| Brief |
Below are the entries. Transcribe exactly the lines from the one with "Zlaté náušnice s" through the one with "Chamarra casual tipo", ends included, and leave out all others.

---------- Data to process

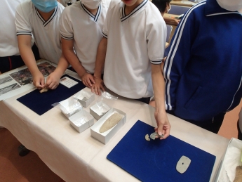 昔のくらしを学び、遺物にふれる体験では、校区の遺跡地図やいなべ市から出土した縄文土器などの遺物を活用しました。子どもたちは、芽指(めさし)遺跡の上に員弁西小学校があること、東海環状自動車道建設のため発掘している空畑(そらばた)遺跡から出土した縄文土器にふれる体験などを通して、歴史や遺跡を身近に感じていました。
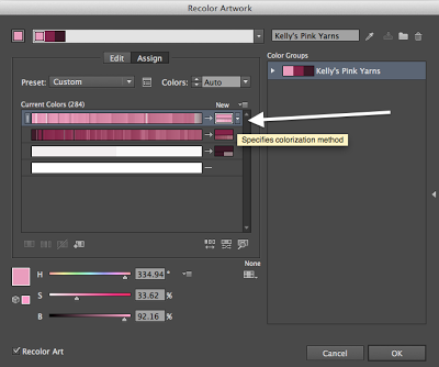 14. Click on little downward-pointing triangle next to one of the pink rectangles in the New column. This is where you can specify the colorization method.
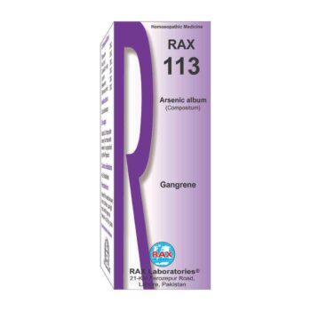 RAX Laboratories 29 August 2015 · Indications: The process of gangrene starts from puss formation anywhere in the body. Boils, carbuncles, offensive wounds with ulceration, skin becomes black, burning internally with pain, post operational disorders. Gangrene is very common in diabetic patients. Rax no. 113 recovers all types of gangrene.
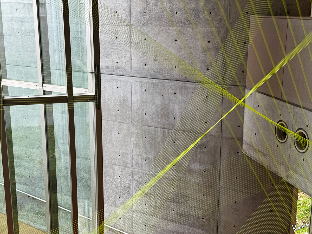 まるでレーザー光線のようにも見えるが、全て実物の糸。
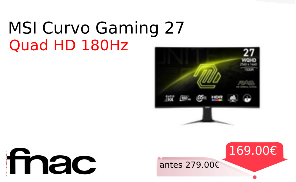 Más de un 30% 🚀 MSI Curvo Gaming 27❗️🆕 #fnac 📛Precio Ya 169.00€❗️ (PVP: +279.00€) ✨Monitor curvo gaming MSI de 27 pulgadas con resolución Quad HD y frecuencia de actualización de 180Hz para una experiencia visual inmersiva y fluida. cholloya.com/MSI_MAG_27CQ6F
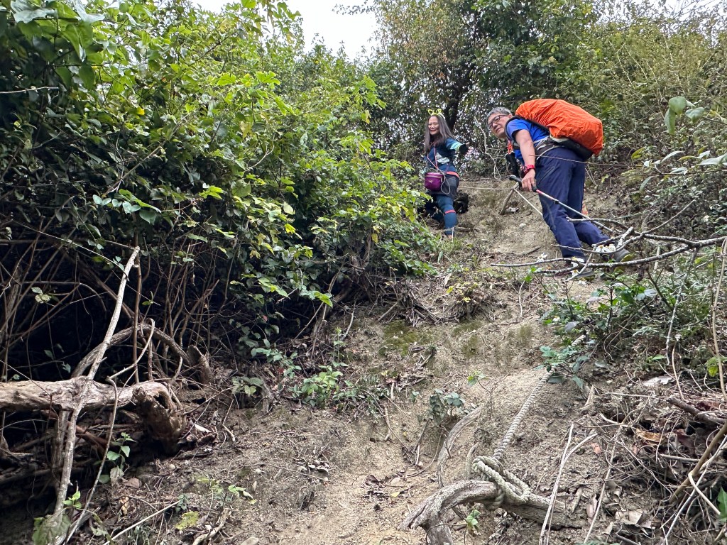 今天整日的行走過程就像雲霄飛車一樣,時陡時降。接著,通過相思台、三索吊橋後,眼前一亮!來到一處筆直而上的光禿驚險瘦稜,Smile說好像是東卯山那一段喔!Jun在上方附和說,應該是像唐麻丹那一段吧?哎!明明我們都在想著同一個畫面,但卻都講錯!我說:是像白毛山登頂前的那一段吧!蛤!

--------------------
---------- Data to process

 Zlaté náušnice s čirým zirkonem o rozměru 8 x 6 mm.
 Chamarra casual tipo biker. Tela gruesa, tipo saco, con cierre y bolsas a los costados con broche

--------------------

| Exercise solution |
 Zlaté náušnice s čirým zirkonem o rozměru 8 x 6 mm.
 Chamarra casual tipo biker. Tela gruesa, tipo saco, con cierre y bolsas a los costados con broche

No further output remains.